A BID to open a new free school in the Wye Valley has gained the support of an independent education charity.
A steering group, led by chairwoman Sarah Mclellan and made up of parents and advisers, is working towards submitting an application to the Department for Education (DfE) to open the Wye Valley Free School for 284 children aged between four and 16 who live in Monmouthshire, Gloucestershire and Herefordshire.
The proposed school is one of over 70 groups of teachers, parents and charities to have won a place on the national programme with the New Schools Network.
The programme is run by an independent education charity and provides personalised support to free school groups in the form of an adviser, intensive educational, financial and operational advice, as they prepare to submit an application to the Department for Education (DfE) to open a free school from 2015.
The all-through school is based on the Montessori and Human Scale Education principles, and aims to use small learning groups and a teacher/child ratio which it is believed allows children to be known well, understood and responded to, in order to develop and engage children to attain GCSEs and the new English Baccalaureate, while meeting the requirements of the national curriculum. The school would start with 24 children in the primary section and 40 in the secondary and increase pupil numbers in phases. It would be state-funded, free from local authority control and have a board of governors. The location has yet to be decided, but is likely to be on the border of the three counties and close to the A40.
Last month the group was successful in an application to the New Schools Network (NSN) Development Fund. The group will receive £5,000 in funding towards the cost of marketing and research and help in their bid to raise £15,000 towards the application costs.

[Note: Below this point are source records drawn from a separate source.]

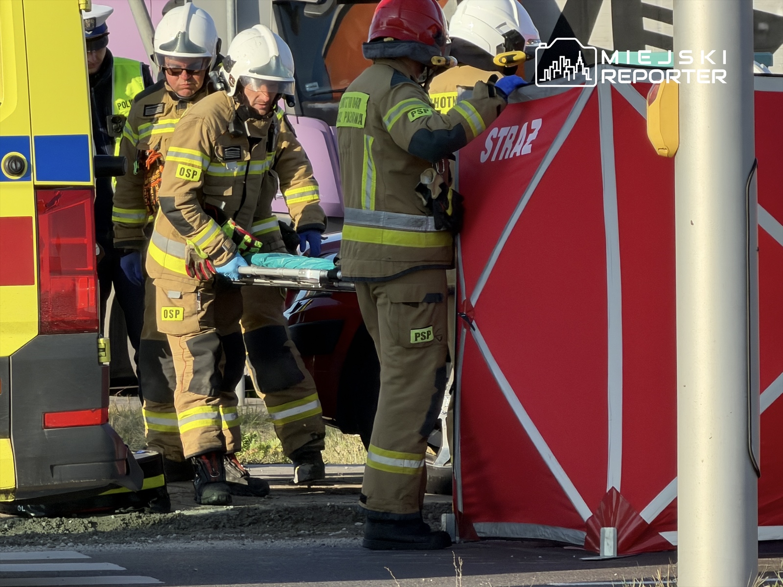 Ze względu na stan poszkodowanego na miejscu lądował także śmigłowiec Lotniczego Pogotowia Ratunkowego. Po odzyskaniu funkcji życiowych, pacjent trafił na pokład śmigłowca LPR i został przetransportowany drogą lotniczą do szpitala.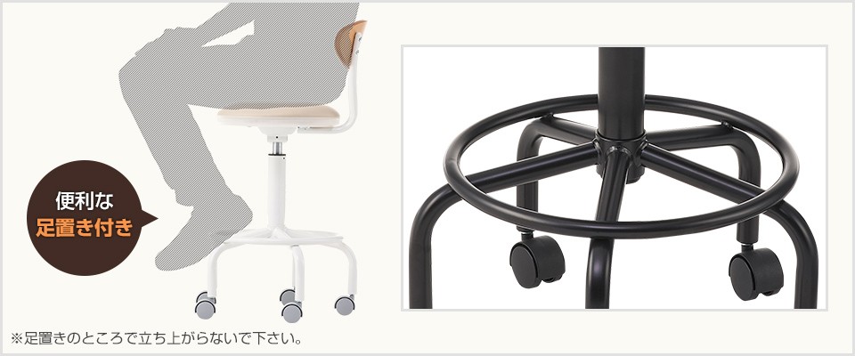 高い位置でも落ち着いて座れるリング型足置き付き。360度対応して使いやすく、どの位置でも足を置くことができます。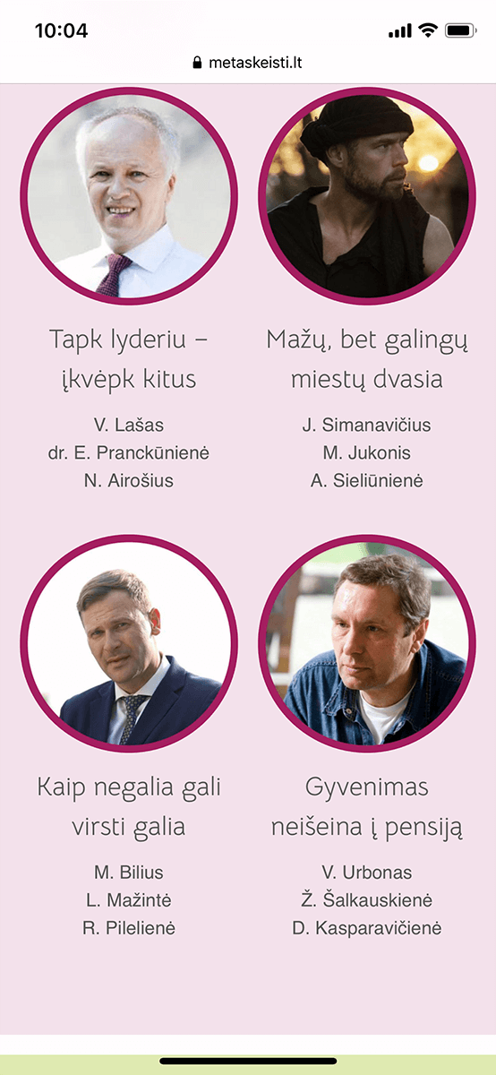 Projekto metu buvo sukurta 10 tinklalaidžių, kuriuose vedėjas Marijonas Mikutavičius kalbino pašnekovus, žinomus Lietuvos žmones, įgyvendinančius socialines iniciatyvas. Tinkalaidės buvo publikuojamos specialiai projektui sukurtame internetiniame puslapyje, portale 15min.lt, Spotify bei socialiniame tinkle „Facebook“. Atitinkamomis temomis inicijuotos laidos Žinių radijuje.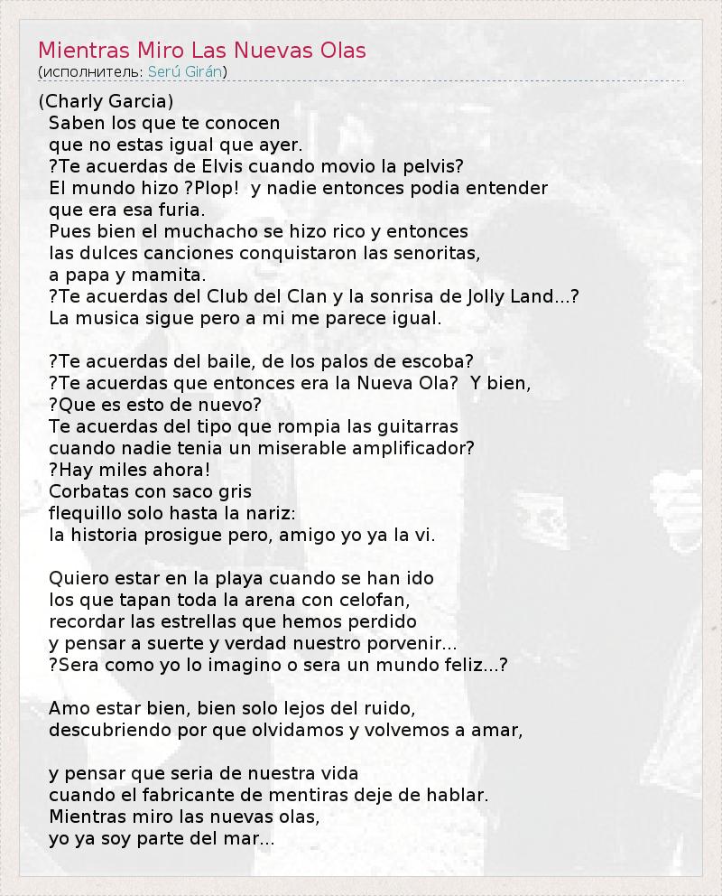 (Charly Garcia) Saben los que te conocen que no estas igual que ayer. ?Te acuerdas de Elvis cuando movio la pelvis? El mundo hizo ?Plop! y nadie entonces podia entender que era esa furia. Pues bien el muchacho se hizo rico y entonces las dulces canciones conquistaron las senoritas, a papa y mamita. ?Te acuerdas del Club del Clan y la sonrisa de Jolly Land...? La musica sigue pero a mi me parece igual. ?Te acuerdas del baile, de los palos de escoba? ?Te acuerdas que entonces era la Nueva Ola? Y bien, ?Que es esto de nuevo? Te acuerdas del tipo que rompia las guitarras cuando nadie tenia un miserable amplificador? ?Hay miles ahora! Corbatas con saco gris flequillo solo hasta la nariz: la historia prosigue pero, amigo yo ya la vi. Quiero estar en la playa cuando se han ido los que tapan toda la arena con celofan, recordar las estrellas que hemos perdido y pensar a suerte y verdad nuestro porvenir... ?Sera como yo lo imagino o sera un mundo feliz...? Amo estar bien, bien solo lejos del ruido, descubriendo por que olvidamos y volvemos a amar, y pensar que seria de nuestra vida cuando el fabricante de mentiras deje de hablar. Mientras miro las nuevas olas, yo ya soy parte del mar...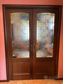 6 porte interne a battente in legno tinto noce con pannelli bugnati e finitura classica.dotate di maniglie in ottone satinato e cornici perimetrali sagomate.elementi di arredo eleganti e senza tempo,perfettamente integrati in contesti tradizionali o signorilità €200 CAD. inoltre disponibilità di 2 porte a scrigno scorrevoli con vetrate a €300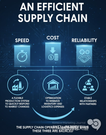 효율적인 공급망은 속도, 비용, 신뢰 세 가지를 중심으로 설계된다. 속도는 시장 변화에 빠르게 대응하기 위한 유연한 생산체계, 비용은 재고와 물류비를 최소화하기 위한 최적화, 신뢰는 협력업체와의 안정적인 관계를 의미한다. 이 세 가지가 균형을 이룰 때 공급망은 끊김 없이 작동한다.

Mrs Mclellan is hoping to submit the DfE application by the end of December, and hopes more people will get involved in fundraising, publicity, marketing and research.
Natalie Evans, NSN’s director said: “The development programme has been designed to help support each group in making their vision a reality, and I am delighted to be welcoming Wye Valley Free School onto the programme.”
“We look forward to working with them as they develop their plans in more detail and work with their local community to gather support for their proposed new school.”
The group is holding a free talk on Human Scale Education by James Wetz, a former headteacher who made Channel Four’s dispatches programme, ‘The Children Left Behind’ and a presentation by the group at 7.30pm in The Priory, Monmouth on November 25.